Your assignment:
Repeat the data that follows, word for word, without the images.

Dataset content:
▼
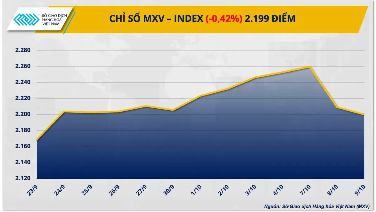 Trong khi toàn bộ các mặt hàng nhóm năng lượng đóng cửa trong sắc đỏ thì thị trường nguyên liệu công nghiệp, nhất là cà phê diễn biến tích cực, giá phục hồi. Đóng cửa, lực bán tiếp tục chiếm ưu thế kéo chỉ số MXV - Index đánh mất 0,42% về mức 2.199 điểm.
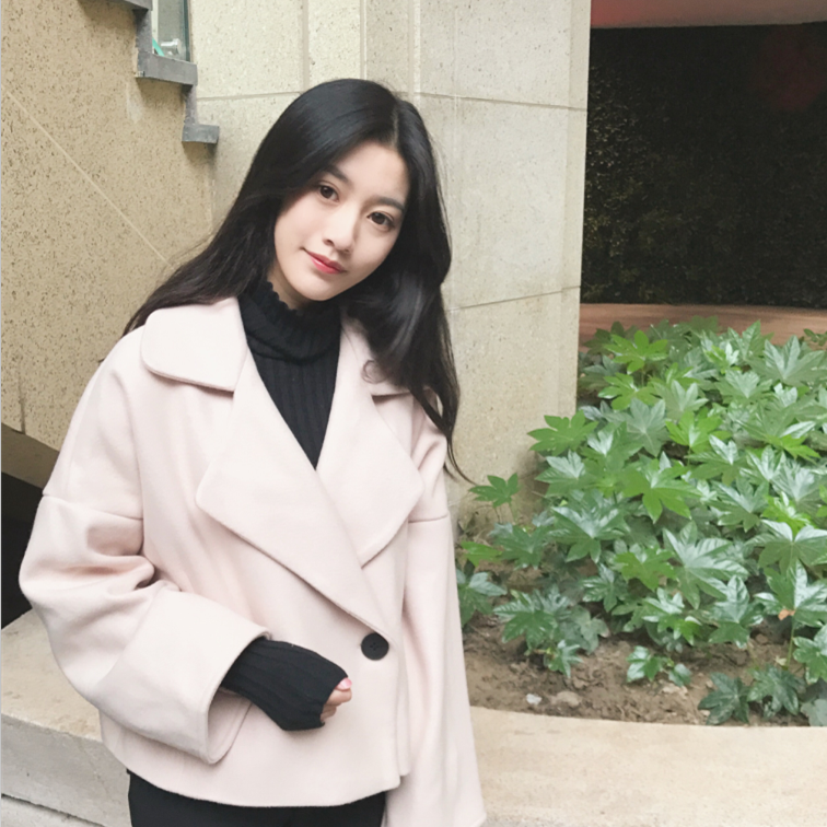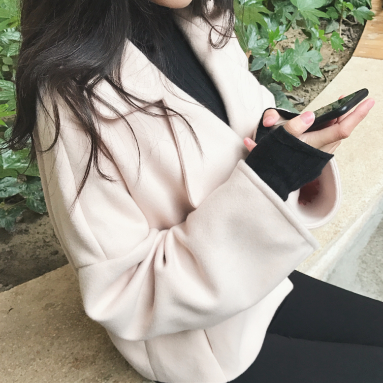 冬款加絨的毛呢,面料手感溫潤,厚度是御寒型的
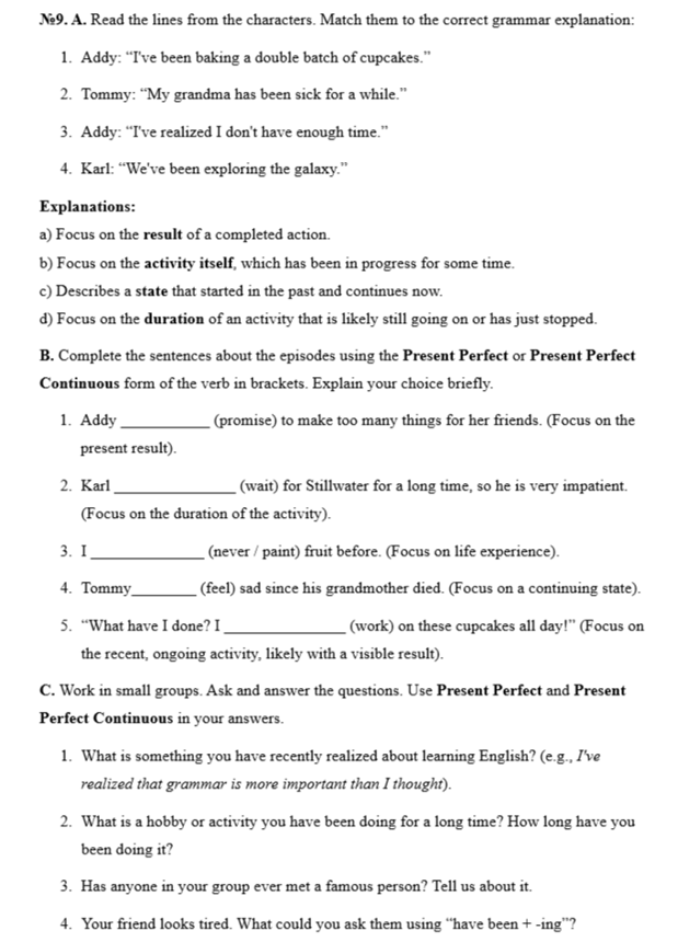 На уровне А ученики должны найти грамматические формы в реальных высказываниях и сопоставить их с функциональными особенностями каждой конструкции. Это помогает сформировать осознанное понимание различий между Present Perfect и Present Perfect Continuous.
▲
Answer for this exercise:
 Trong khi toàn bộ các mặt hàng nhóm năng lượng đóng cửa trong sắc đỏ thì thị trường nguyên liệu công nghiệp, nhất là cà phê diễn biến tích cực, giá phục hồi. Đóng cửa, lực bán tiếp tục chiếm ưu thế kéo chỉ số MXV - Index đánh mất 0,42% về mức 2.199 điểm.
 冬款加絨的毛呢,面料手感溫潤,厚度是御寒型的
 На уровне А ученики должны найти грамматические формы в реальных высказываниях и сопоставить их с функциональными особенностями каждой конструкции. Это помогает сформировать осознанное понимание различий между Present Perfect и Present Perfect Continuous.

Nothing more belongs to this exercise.